TASK DESCRIPTION
Find the line below with "De woningen hebben". Print it and every line after it exactly, through the last line, leaving out the pictures.

DATA SHOWN
>>

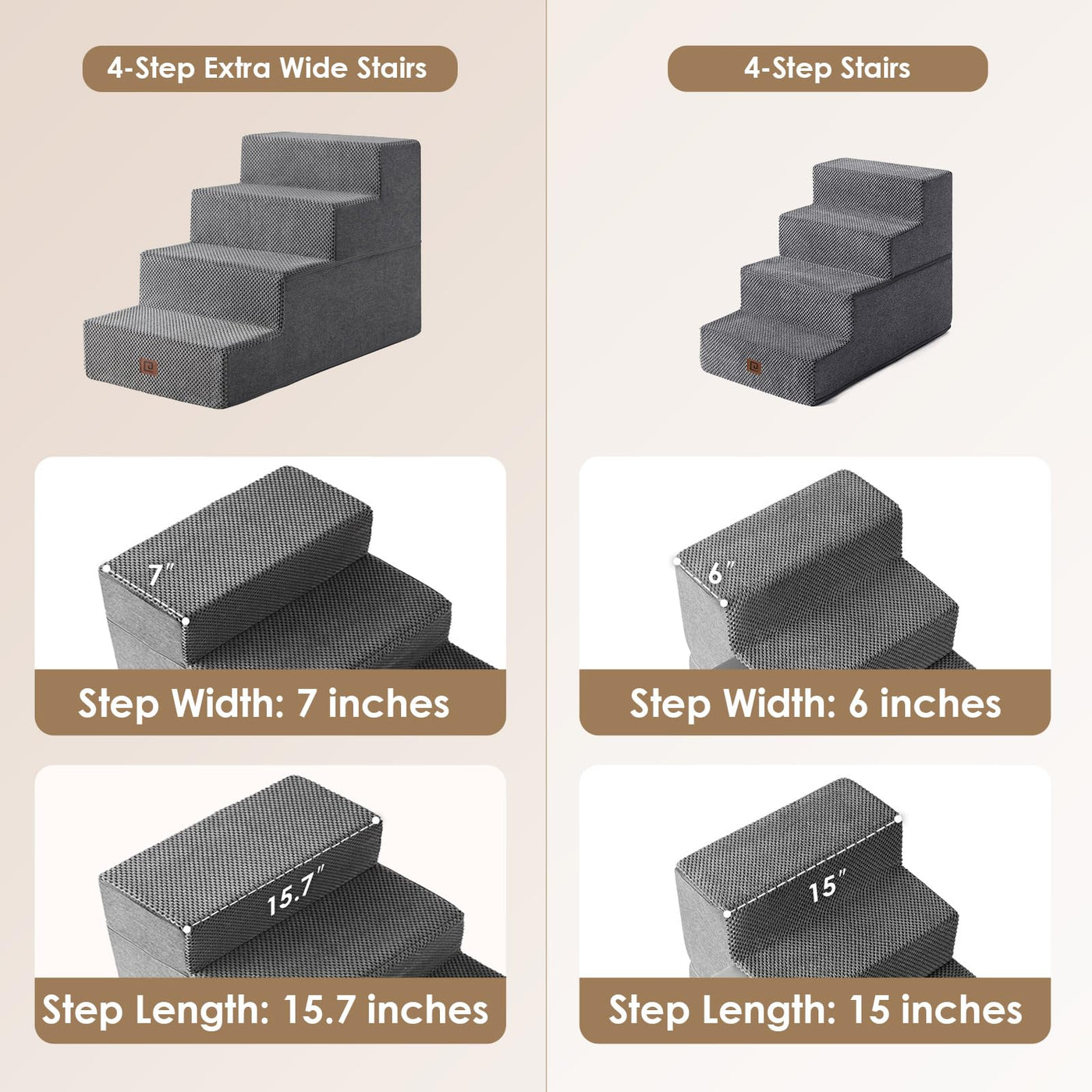 Eheyciga Dog Stairs For Bed 18”H, 4-Step Extra Wide Dog Steps For High Bed, Pet Steps For Small Dogs And Cats, Non-Slip Balanced Dog Indoor Ramp, Grey
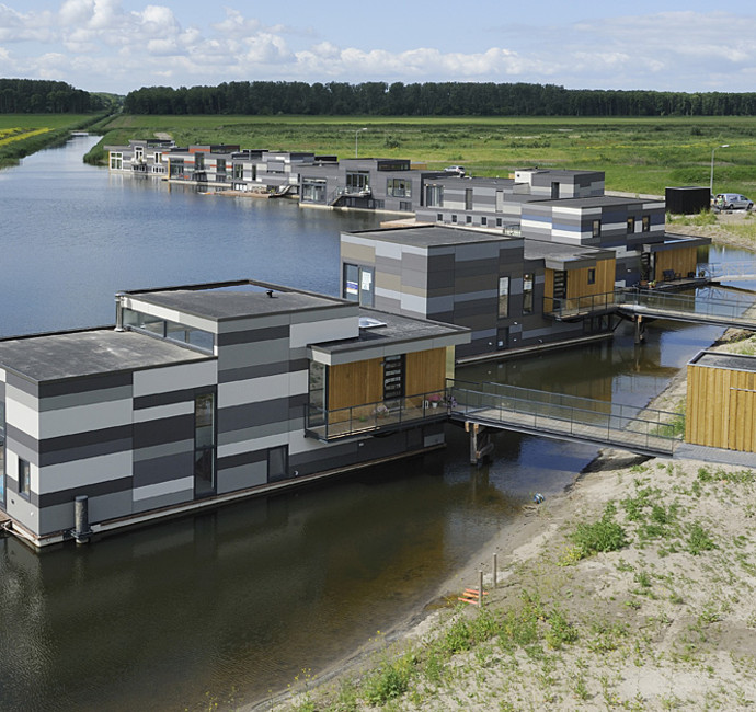 De woningen hebben een lengte van 14,5 m1 tot 18m1 en zijn volledig onder het bouwbesluit gebouwd. Het gemiddelde woonoppervlak is circa 171 m2, de inhoud maar liefst 493m3. De waterwoningen wegen zo’n 150 ton.
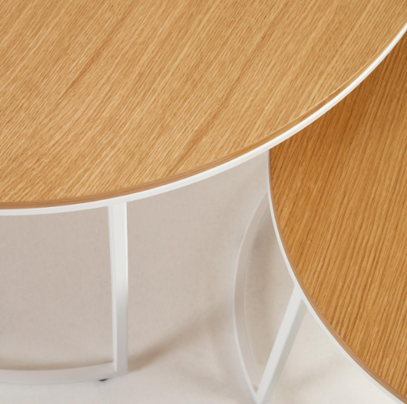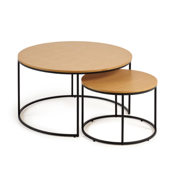 Yoana set of 2 nesting side tables in oak veneer and painted metal
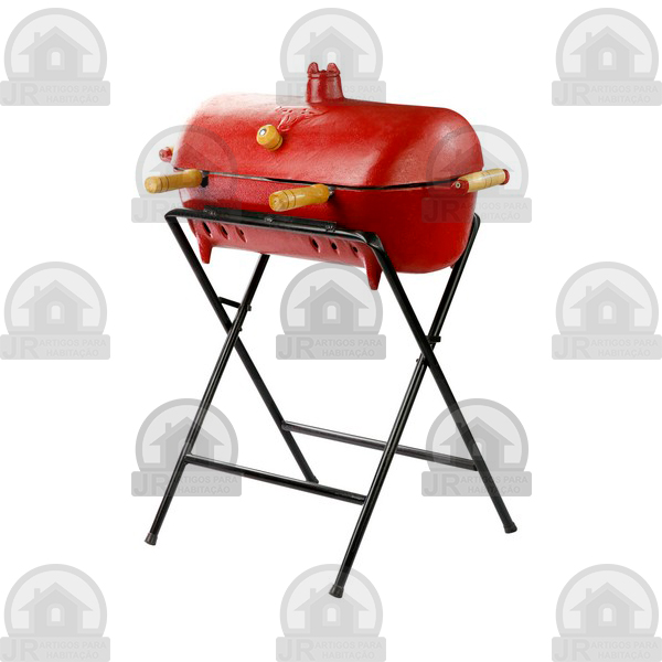 Churrasqueira Bafo Alumínio Grande Vermelha com Suporte Tubular Aço

<<

EXERCISE RESPONSE
 De woningen hebben een lengte van 14,5 m1 tot 18m1 en zijn volledig onder het bouwbesluit gebouwd. Het gemiddelde woonoppervlak is circa 171 m2, de inhoud maar liefst 493m3. De waterwoningen wegen zo’n 150 ton.
 Yoana set of 2 nesting side tables in oak veneer and painted metal
 Churrasqueira Bafo Alumínio Grande Vermelha com Suporte Tubular Aço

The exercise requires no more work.